Nagji Patel, born in Gujarat in 1937, was a remnant of the era when India had found itself on uncertain ground during and after independence. Patel shed rather than built his sculptures, using both polished materials and rough materials such as sandstone, wood, marble and granite, like the historical sculptures of Mahabalipuram and Badami. “For Patel, this opposition is not a hindrance but a source of meaning. The chisel and the hammer are not merely tools but instruments of negotiation, through which the sculptor listens and responds to the latent possibilities of the block.” “In this sense, the title of the exhibition, Still, They Speak, is not merely literal but also emblematic of Patel’s practice, baring, elemental and meditative,” writes Shailendra.
Patel’s sculpture and sketches contains this affinity for nature, agriculture, living forms and his childhood years. Patel’s sculptural practice is one of “unmaking” rather than “making.” It is the very foundation of the work which is most present, where nothing that needs any changing is changed. “This sense of introspection became a hallmark of Patel’s sculpture. His forms do not shout; they whisper. Their power lies in their restraint.

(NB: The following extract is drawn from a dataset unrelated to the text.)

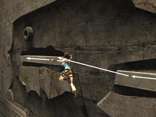 Climb away from the corner along this handhold, tapping Interact all the way to go faster. At the end, lean out and jump to grab the next handhold, just a little higher up on the same wall. Quickly climb to the left until Lara is hanging below the dart pipe.
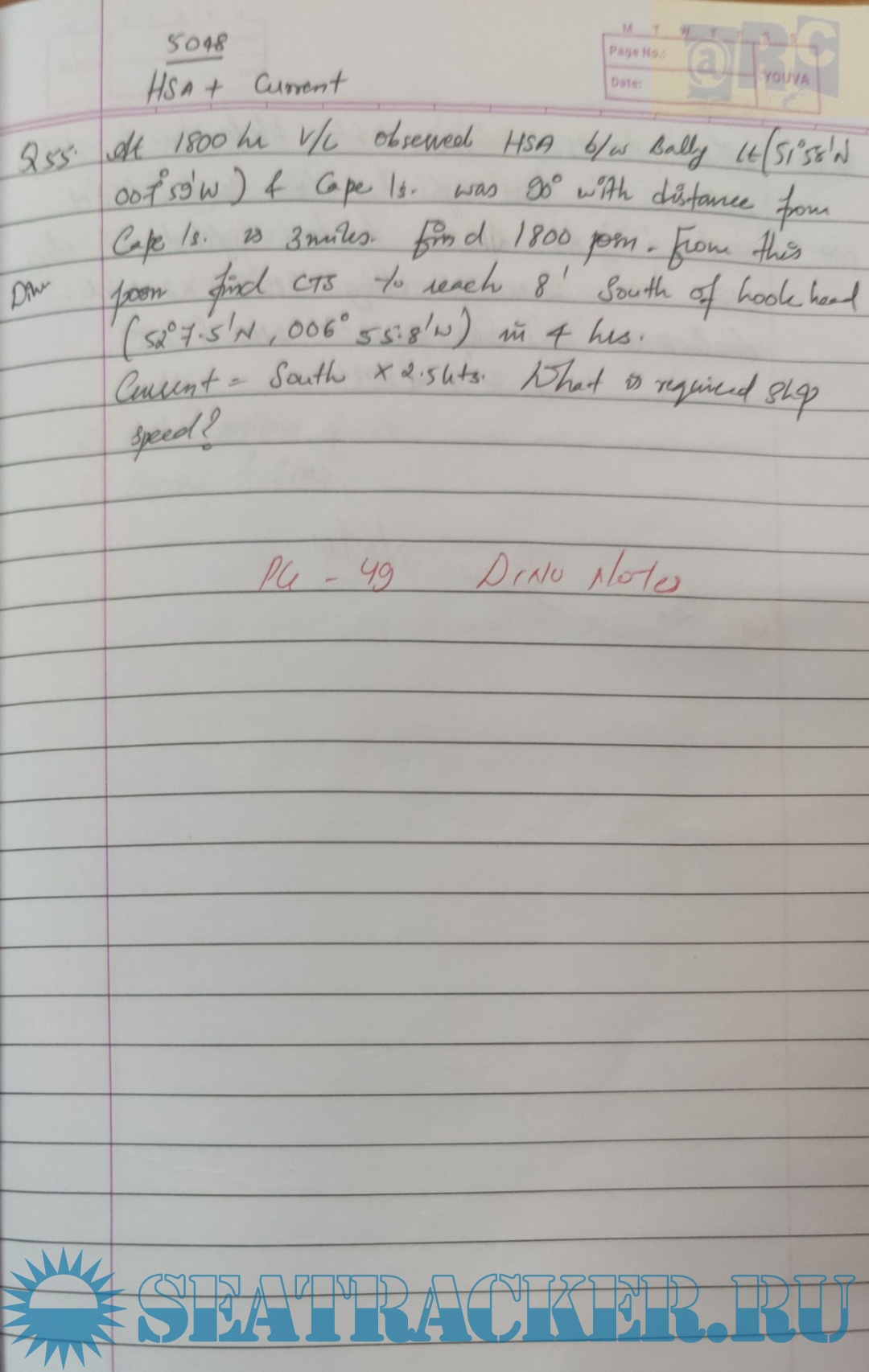 Solutions for TCN Chart Work Numericals for Mercantile Marine Department (MMD), India Examinations for Phase I (Chief Mate F.G.)

They echo the traditions of temple sculpture and folk carving, but they also converse with modernist masters such as Constantin Brâncuși and his mentor Sankho Chaudhuri; artists who, like Patel, sought to distill the essence of form without abandoning its sensual and spiritual charge.”
Nagji Patel’s sculptures are the result of a “prolonged engagement and continuous research” of the material. “We see not only the finished object but the durational labour that produces it—the dust, the rhythm, the waiting. In an age increasingly dominated by digital mediation and physical alienation, Patel’s practice is a reminder of the potency of slowness, of repetition, of staying with the material.”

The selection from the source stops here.